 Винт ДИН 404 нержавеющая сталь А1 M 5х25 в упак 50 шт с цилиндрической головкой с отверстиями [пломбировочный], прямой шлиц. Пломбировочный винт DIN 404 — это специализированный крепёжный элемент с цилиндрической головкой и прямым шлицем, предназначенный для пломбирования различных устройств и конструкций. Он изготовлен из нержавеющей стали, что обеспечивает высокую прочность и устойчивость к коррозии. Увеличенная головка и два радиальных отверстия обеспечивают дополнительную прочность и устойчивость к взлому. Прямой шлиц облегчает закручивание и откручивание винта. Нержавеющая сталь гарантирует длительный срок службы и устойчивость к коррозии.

* * *

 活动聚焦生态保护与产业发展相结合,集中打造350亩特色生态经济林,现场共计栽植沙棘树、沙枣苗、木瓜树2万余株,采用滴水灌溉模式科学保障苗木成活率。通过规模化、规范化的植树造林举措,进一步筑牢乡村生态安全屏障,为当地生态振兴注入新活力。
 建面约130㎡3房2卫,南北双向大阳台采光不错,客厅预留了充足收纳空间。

--

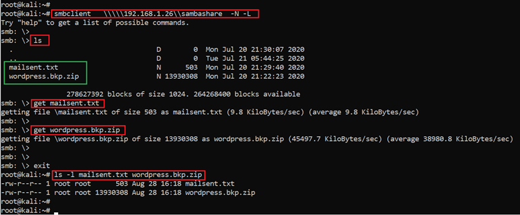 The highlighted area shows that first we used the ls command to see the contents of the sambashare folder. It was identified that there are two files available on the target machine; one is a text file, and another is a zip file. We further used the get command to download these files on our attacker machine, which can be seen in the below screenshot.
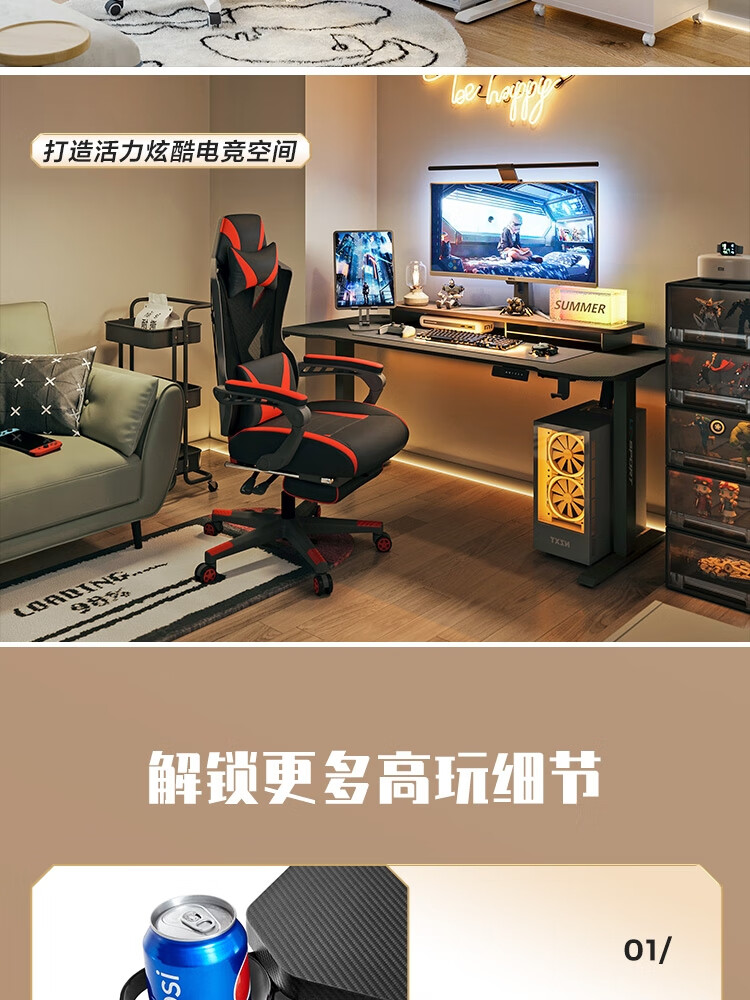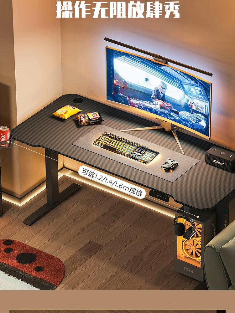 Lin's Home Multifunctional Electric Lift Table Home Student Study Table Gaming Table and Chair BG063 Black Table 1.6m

Problem requirements:
Retype the entries above exactly, but only from the line containing "活动聚焦生态保护与产业发展相" through the line containing "建面约130㎡3房2卫,南北双向大阳台采光不错,客厅预留了充足收纳空间。", both included.

Exercise answer:
 活动聚焦生态保护与产业发展相结合,集中打造350亩特色生态经济林,现场共计栽植沙棘树、沙枣苗、木瓜树2万余株,采用滴水灌溉模式科学保障苗木成活率。通过规模化、规范化的植树造林举措,进一步筑牢乡村生态安全屏障,为当地生态振兴注入新活力。
 建面约130㎡3房2卫,南北双向大阳台采光不错,客厅预留了充足收纳空间。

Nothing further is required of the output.